I have no doubt that when Israel does finally announce its formal annexation, these organizations will move the goalposts yet further down the road. They will studiously avoid use of the word apartheid while implying it could still happen if Israel does not change its ways. It will continue its warnings that Israel’s democracy is under threat, even as its institutional oppression of Palestinians continues to remain so tragically obvious for the world to see.
Consider this: while these organizations agonized over the issue of annexation, the UN Office for the Coordination of Humanitarian Affairs (UNOCHA) released a report that revealed the Israeli military had demolished at least 70 Palestinian buildings in the West Bank during the first two weeks of June, displacing 90 Palestinians. This represented a 250% increase over the weekly average of home demolitions since the beginning of 2020. It was also reported that the during this period the Israeli military forced 20 Palestinian households in East Jerusalem to knock down their own newly-built homes themselves.
This, to put it plainly, is annexation. Annexation is an institutional process by which Israel dispossesses Palestinians so that it can maintain a demographic advantage on land it has long sought to control. Annexation is not a line to be crossed by the Israeli government sometime down the road. It has been happening since 1948 and it is happening right now. And it will continue to happen until the racist system that enables it is finally dismantled.

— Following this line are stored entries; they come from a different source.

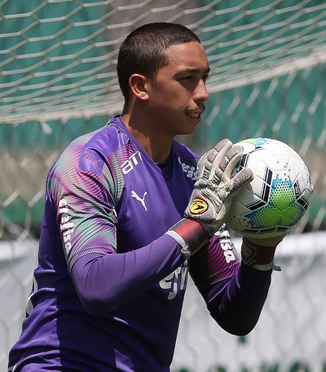 O goleiro Vinicius, da SE Palmeiras, durante treinamento, na Academia de Futebol. (Foto: Cesar Greco)
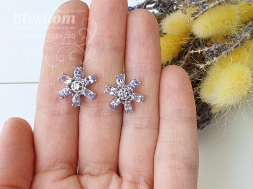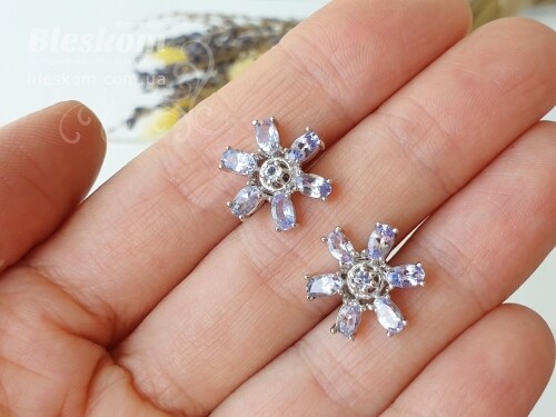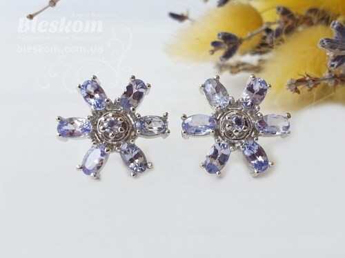 Сережки-гвоздики з натуральним танзанітом С683
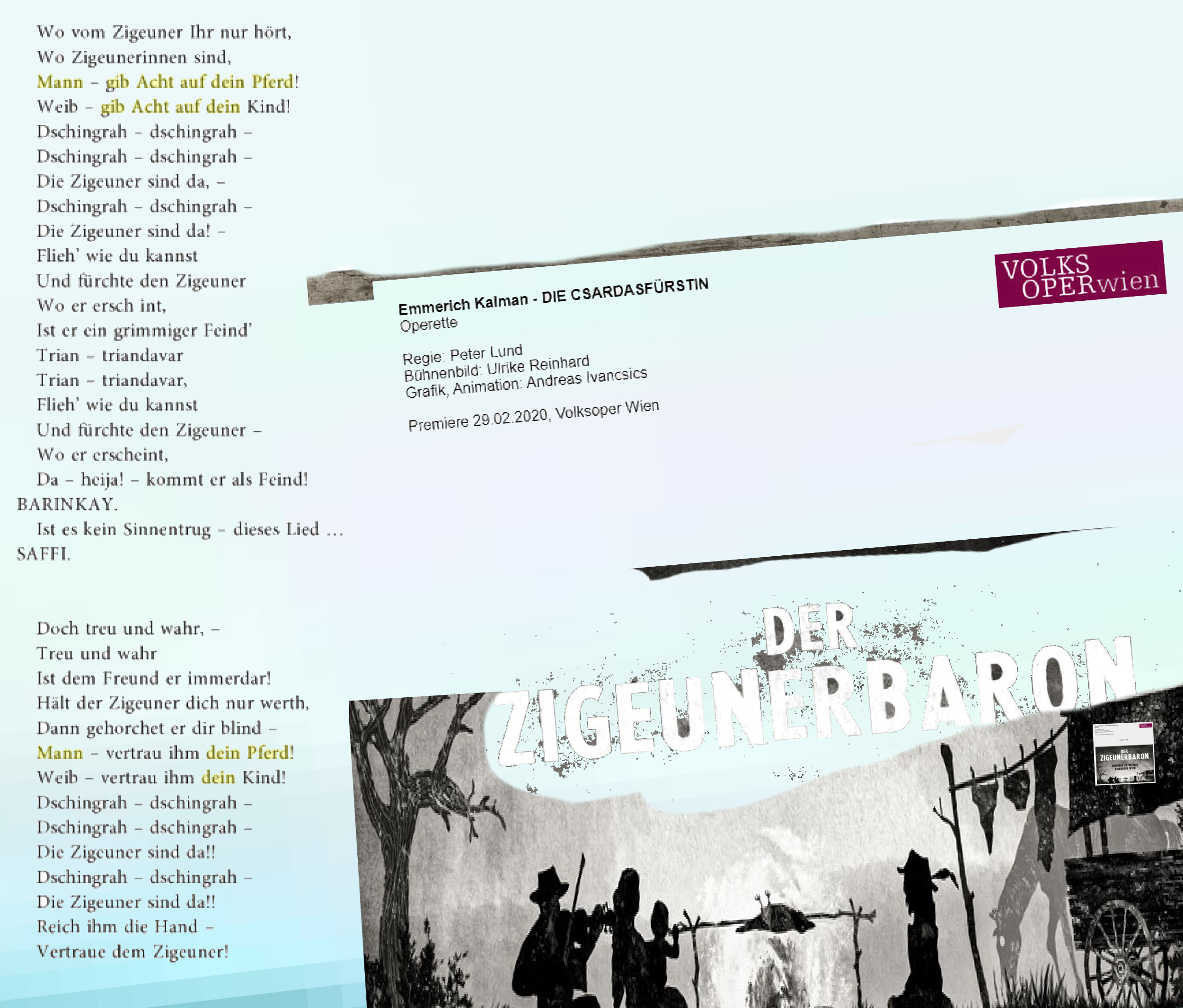 Im Bereich des Musiktheaters stößt man bemerkenswerterweise immer wieder auf Sujets und Themen, welche die Kultur der Sinti und Roma thematisieren oder zitieren. (Davon ist etwa im Vorwort zur aktuellen Ausgabe unserer Volksopernzeitung zu lesen.) Unsere aktuelle Premiere, Johann Strauß‘ Operette Der Zigeunerbaron, trägt den Begriff ‚Zigeuner‘ sogar im Titel. Alleine die Tatsache, dass wir dieses Werk, welches immerhin ein Meilenstein der Wiener Operette ist, auf den Spielplan gesetzt haben, könnte Irritationen hervorrufen – das war der Direktion der Volksoper und allen künstlerisch Verantwortlichen der Produktion von vornherein bewusst. Denn es ist allgemein bekannt: Die Volksgruppe der Sinti und Roma selbst lehnt die Fremdbezeichnung ‚Zigeuner‘ wegen stigmatisierender und rassistischer Konnotationen größtenteils ab. Auch gesamtgesellschaftlich hat sich deren Eigenbezeichnung – zum Glück! – im Sprachgebrauch weitgehend durchgesetzt. Mit der Entscheidung, Johann Strauß‘ fantastischer Musik, die er für seine späte Operette Der Zigeunerbaron geschrieben hat, eine Bühne zu bieten, ging für uns und für das gesamte Kreativteam der Produktion selbstverständlich eine intensive Auseinandersetzung mit der Geschichte der Sinti und Roma einher. Aus dieser Reflexion und zahlreichen internen Gesprächen zum Thema resultierend haben wir uns zu folgendem Umgang mit dem Begriff ‚Zigeuner‘ im Zuge der Neuproduktion des Zigeunerbarons entschieden: Die ‚Zigeuner‘, die in Strauß’ Operette übrigens als selbstbewusste Sympathieträger auftreten, tragen ihre im Stücktitel verankerte Bezeichnung als solche durchaus selbst auf den Lippen – im Kontext der Handlung kann man also nicht von einer Fremdbezeichnung sprechen. Wir verwenden den Begriff ‚Zigeuner‘ daher in allen Inhaltsangaben und damit verwandten (’stückimmanenten‘) Textsorten unkommentiert und ohne Anführungszeichen. In allen anderen – kommentierenden oder weiterführenden – Texten verwenden wir den Begriff jedoch selbstverständlich unter Anführungszeichen gesetzt.
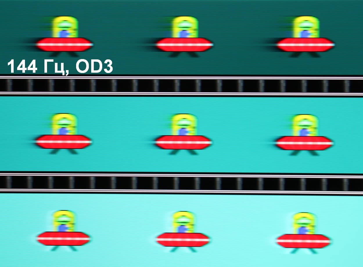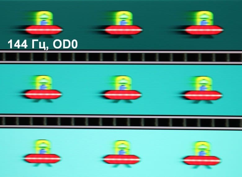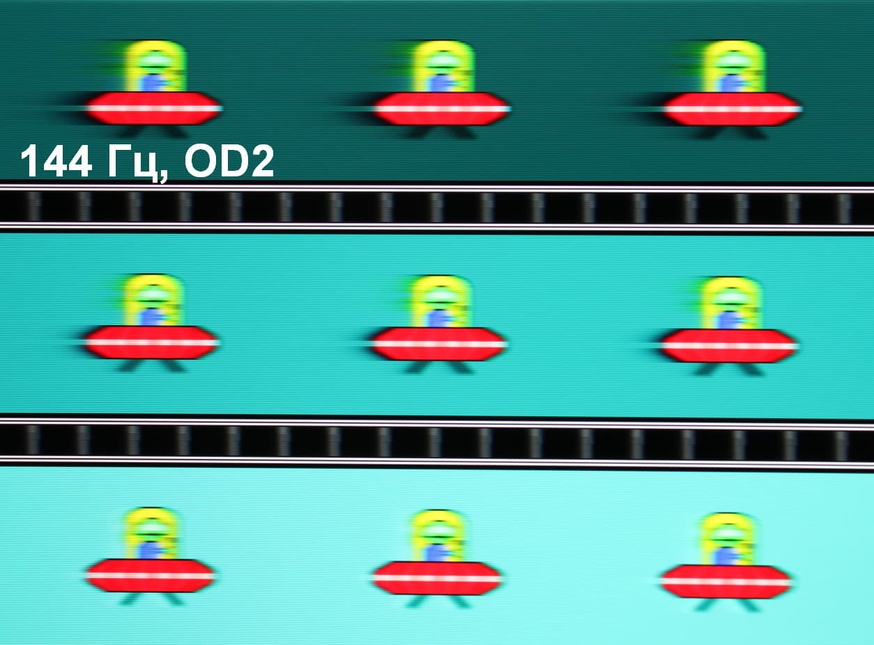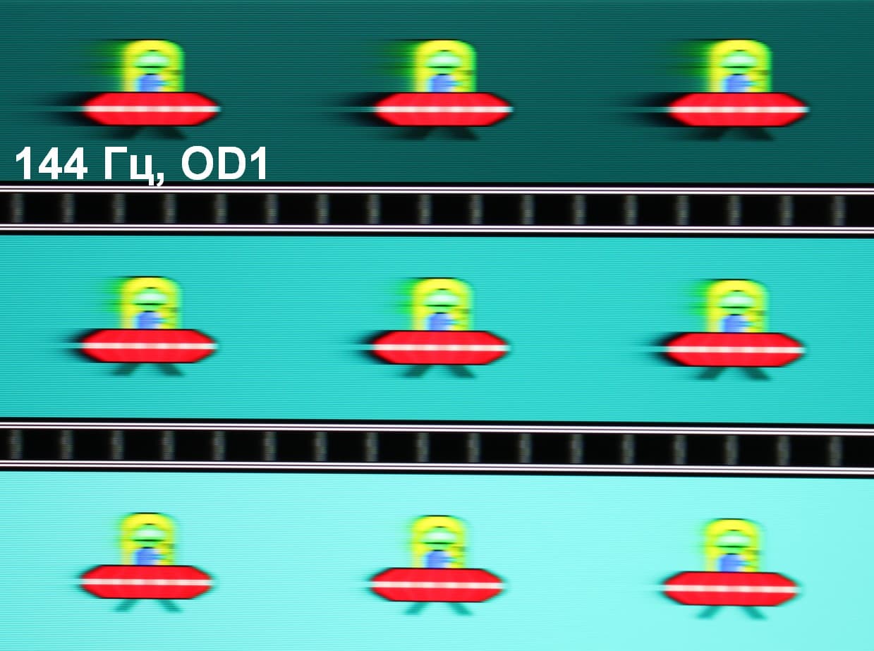 Для наглядного представления о том, что на практике означает такая скорость матрицы, какие могут быть артефакты от разгона и повышает ли четкость в движении, описанная выше настройка MPRT приведем серию снимков, полученных с помощью движущейся камеры. Такие снимки показывают, что видит человек, если он следит глазами за двигающимся на экране объектом. Описание теста приведено тут, страница с самим тестом тут. Использовались рекомендованные установки (скорость движения 960 и 1008 пиксель/с для частот обновления 60 (и 120) и 144 Гц, соответственно), выдержка 1/15 с, на фотографиях указаны значения частоты обновления, а также ступени разгона (OD) и настройки MPRT.
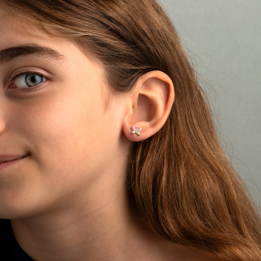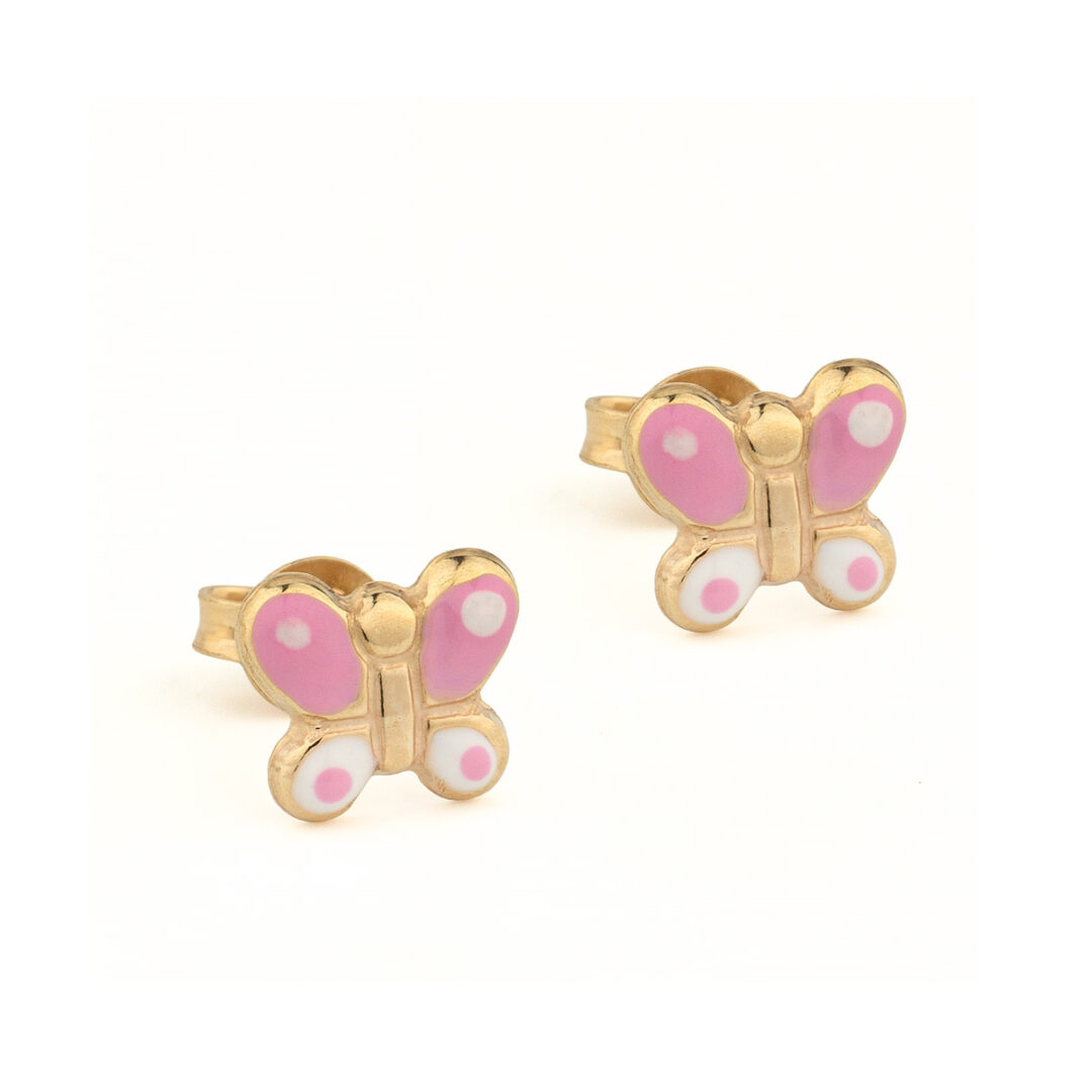 Adorable 9K gold stud earrings in butterfly shape decorated with pink enamel for kids, a sweet jewelry gift for little ones.

I know this sounds harsh – perhaps terrifyingly unthinkable – to many in the American Jewish community. But in this powerful political moment, it should be clearer than ever that equity, justice and rights for all people will only happen when we honestly reckon with the legacy of institutional racism. So yes, let’s protest annexation. But let us also commit to fundamentally changing the structures that have been enabling it for far too long.